JBrow: I didn't realize the woodworking specific filters were washable. That changes my original thoughts on them, but I'll have to see how performance compares. My thoughts were that the 5" ones were more expensive, but using a similar grade 1" filter prior would capture a large amount of the dust and be cheaper to replace when dirty. Also, having two in series seems as if it would filter better than the rating of just one, but that is just my non-scientific hypothesis.

Nick424: That design is very similar in a lot of ways to the design I had in mind. In your opinion, would you prefer all of the air venting from one side rather than a 360° output?

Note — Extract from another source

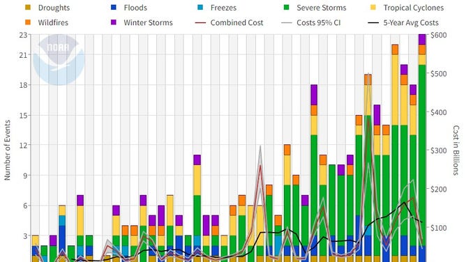 Numbers have been steadily increasing, though. In the past five years, there have been an average of 18.0 disasters per year. The cost totaled an average of $124.6 billion and 350 lives each year. The past three years saw an average of 20 disasters a year.
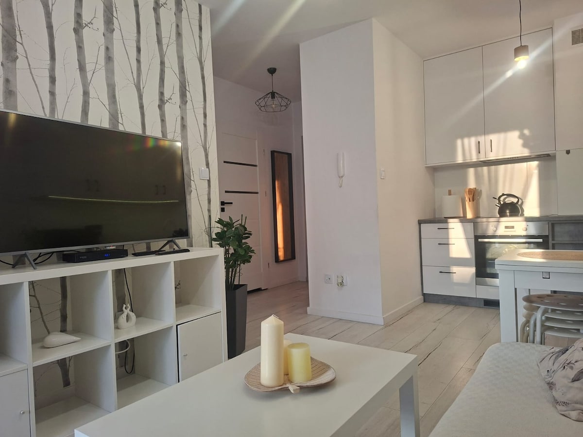 Mieszkanie na I piętrze w nowym budynku z windą. Nowocześnie i w pełni urządzone, komfortowe i bardzo przyjemne do pobytu. Oprócz sypialni jest też pokój z pojedynczym łóżkiem i możliwość spania na rozkładanej kanapie Jest dodatkowo balkon typu loggia oraz miejsce postojowe w garażu podziemnym. We speak English, French, Italian and some Hebrew :)

OSB: I'm not sure I'm tracking what you are saying, but it may be my ignorance showing through. I do realize that dust will be generated by a dust collector, and my plans for my HF unit are to do a Thien baffle mod as well as a pleated filter (i.e. Wynn Enviro) to replace the bag. As for the cyclone-style dust collectors, from the little bit of research I've done, it seems like the cyclones require more power, not to mention are more expensive out of the gate. If you're referring to something else about the cyclones, I'm all ears…

My main goal with the DC is to keep a cleaner shop, but health is a big concern to me as well. I normally wear a quality respirator when doing dust generating tasks, and may continue to do so even with the best dust collection. I would like to move around in my shop without kicking up so much dust that I have to wear it all the time. I'm hoping a combination of these two concepts (DC and air filtration unit), I'll achieve my goal.

Here's a quick sketchup of what I was thinking:


----------



## Nick424 (Aug 24, 2016)

Tango2,

I like it the way it is, my hope was to keep air moving in all directions, and therefore have it pass through the filters in a better circulation pattern. This way any one side is not blasted with air.


----------



## woodbutcherbynight (Oct 21, 2011)

I recently was given a ceiling mounted WEN air filtration system. Lots of interesting tips they give in the box and on the website. Mounting it in the ceiling takes the dust from the air while not dragging it through your breathing room. So they they say. I did note that when the unit is on it blows upwards not down so no draft or blast of cooler air on you while working. Nice in the winter not sure how well that will do in summer. In the 3 weeks I have had it I have checked the filters and each week taken them outside to use a shop vac to clean them out.

Like you I was about to build a unit from a furnace fan when this dropped in my lap.


----------